Collected data

^^^^^^^^

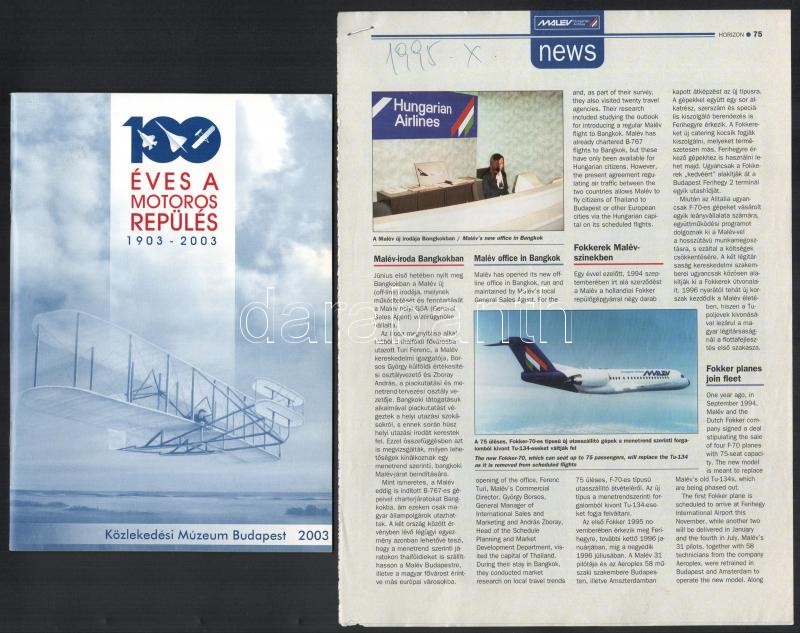 3 db repülés témájú kiadvány: 100 éves a motoros repülés, Ég és föld - Polgári repülés Budapest 18. kerületében, MALÉV újságtöredék
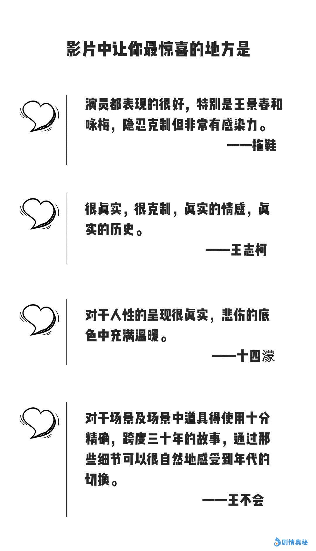 《地久天长》另一个与很多院线电影不同的地方是,它的时长达到了将近3小时。在我们之前的观影团中,王小帅导演也分享过他对于时长的想法。那么大家对于这样一部相对来说比较长的电影的映后观感如何呢?
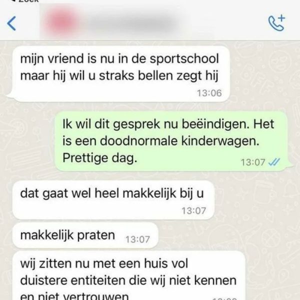 Het gesprek tussen koper en verkoper ging steeds verder van de werkelijkheid af. De koper ging zelfs zo ver om te zeggen dat hij de kinderwagen niet meer in zijn huis wilde hebben, uit angst voor de “vloek” die het met zich meebracht. In een bizarre draai van gebeurtenissen, vroeg hij zelfs om bewijs van de “goede energie” van de verkoper.
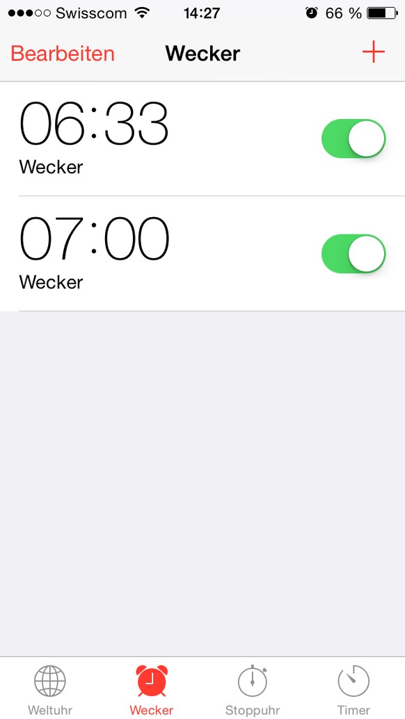 Der Einfache macht kein Heckmeck um sein Aufwach-Prozedere: Der Wecker läutet – natürlich mit Standard-Melodie –, dann wird aufgestanden.
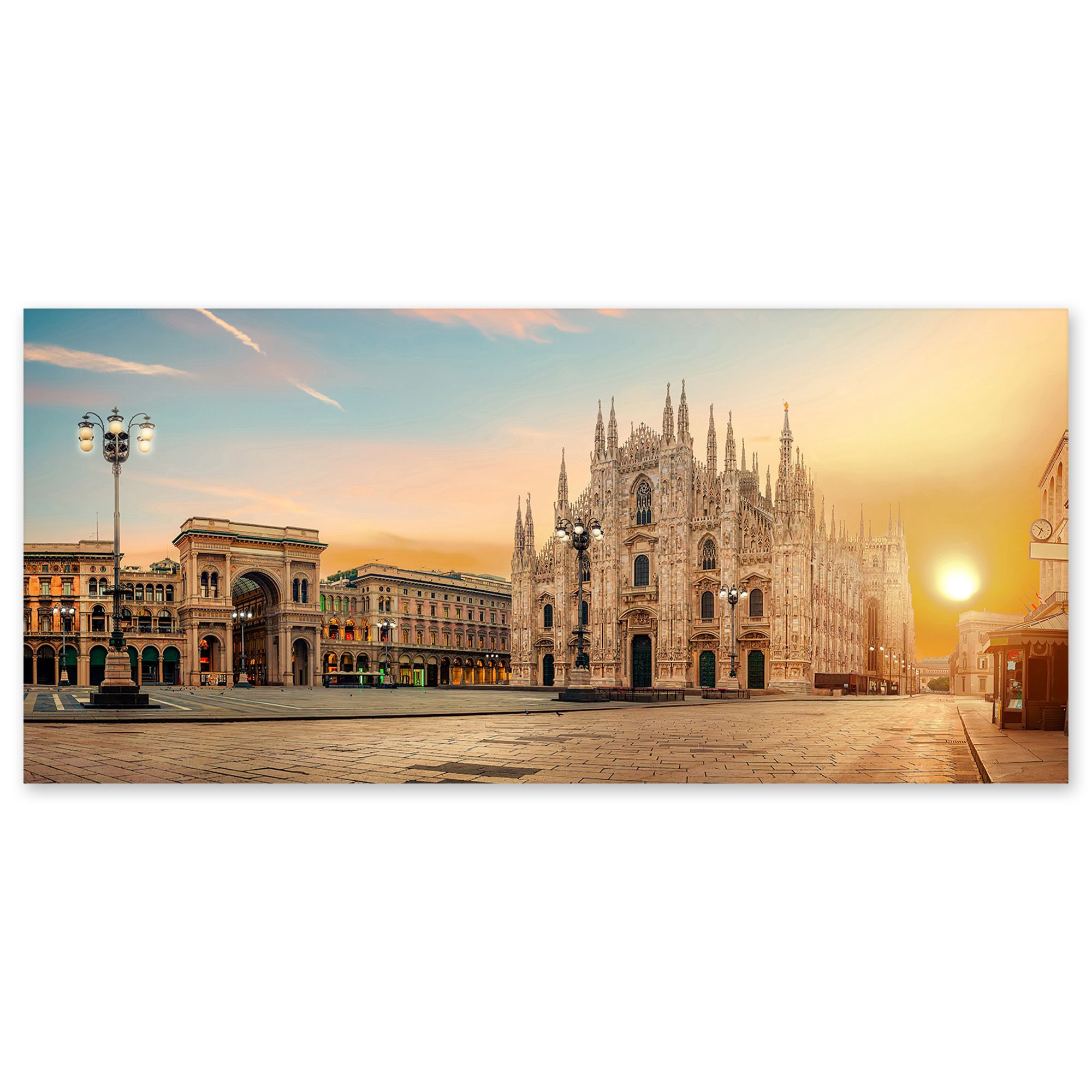 Lupia - Quadro moderno su Tela Canvas DEEP 65X143 cm, con paesaggi e localismi italiani, per casa, soggiorno, capezzale camera da letto, hotel, ufficio, MILANO - TRAMONTO SUL DUOMO -
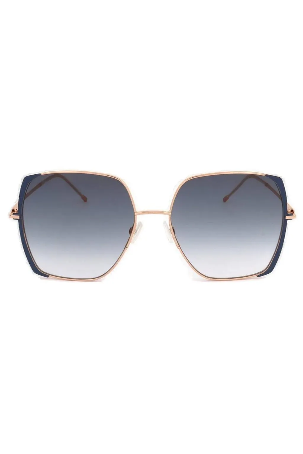 Oversized square sunglasses with a gold metal frame and blue acetate accents on the top corners. The lenses are a gradient grey.
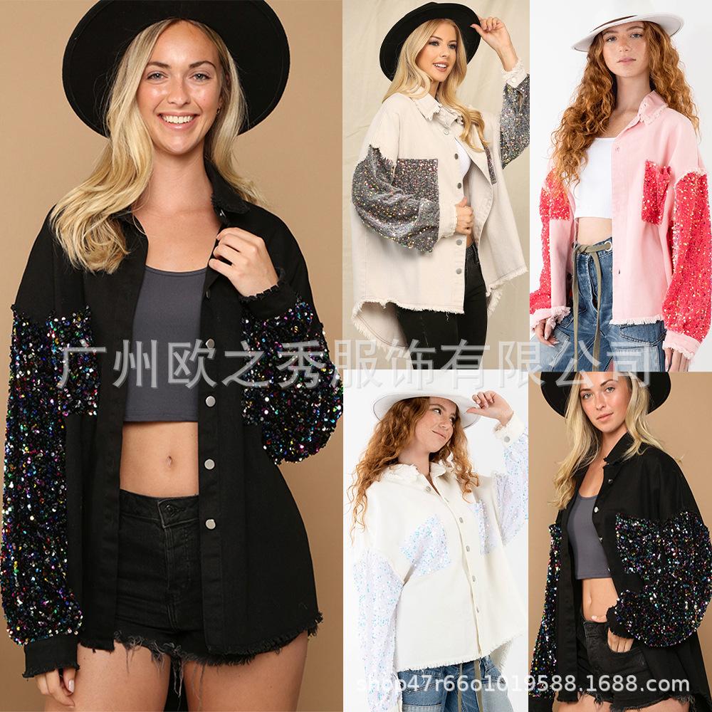 Chaqueta vaquera de manga larga con lentejuelas estilo europeo y americano de primavera nueva transfronteriza, chaqueta cárdigan de longitud media AliExpress, ropa de mujer¥78Compre ya |
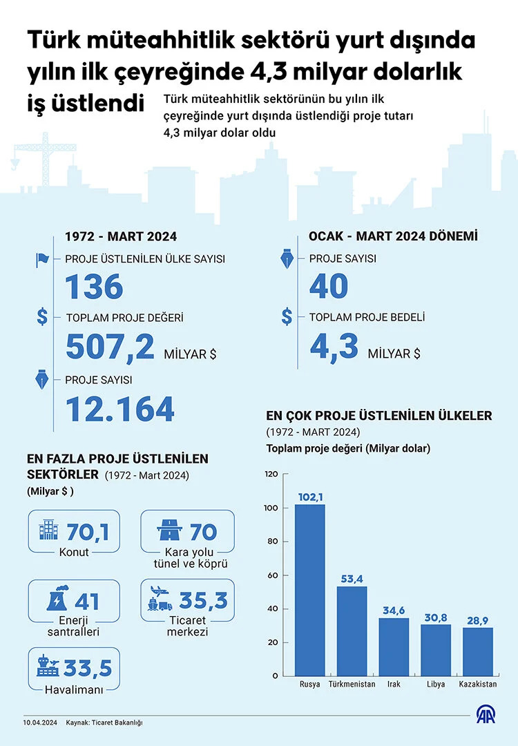 Türk müteahhitlik sektörü bu yılın ilk çeyreğinde ise yurt dışında 40 proje üstlenirken bunların bedeli 4,3 milyar dolar olarak belirlendi.

^^^^^^^^

■ Required action ■
Take the entries above and restate them word for word, minus their images.

■ Solution to this exercise ■
 3 db repülés témájú kiadvány: 100 éves a motoros repülés, Ég és föld - Polgári repülés Budapest 18. kerületében, MALÉV újságtöredék
 《地久天长》另一个与很多院线电影不同的地方是,它的时长达到了将近3小时。在我们之前的观影团中,王小帅导演也分享过他对于时长的想法。那么大家对于这样一部相对来说比较长的电影的映后观感如何呢?
 Het gesprek tussen koper en verkoper ging steeds verder van de werkelijkheid af. De koper ging zelfs zo ver om te zeggen dat hij de kinderwagen niet meer in zijn huis wilde hebben, uit angst voor de “vloek” die het met zich meebracht. In een bizarre draai van gebeurtenissen, vroeg hij zelfs om bewijs van de “goede energie” van de verkoper.
 Der Einfache macht kein Heckmeck um sein Aufwach-Prozedere: Der Wecker läutet – natürlich mit Standard-Melodie –, dann wird aufgestanden.
 Lupia - Quadro moderno su Tela Canvas DEEP 65X143 cm, con paesaggi e localismi italiani, per casa, soggiorno, capezzale camera da letto, hotel, ufficio, MILANO - TRAMONTO SUL DUOMO -
 Oversized square sunglasses with a gold metal frame and blue acetate accents on the top corners. The lenses are a gradient grey.
 Chaqueta vaquera de manga larga con lentejuelas estilo europeo y americano de primavera nueva transfronteriza, chaqueta cárdigan de longitud media AliExpress, ropa de mujer¥78Compre ya |
 Türk müteahhitlik sektörü bu yılın ilk çeyreğinde ise yurt dışında 40 proje üstlenirken bunların bedeli 4,3 milyar dolar olarak belirlendi.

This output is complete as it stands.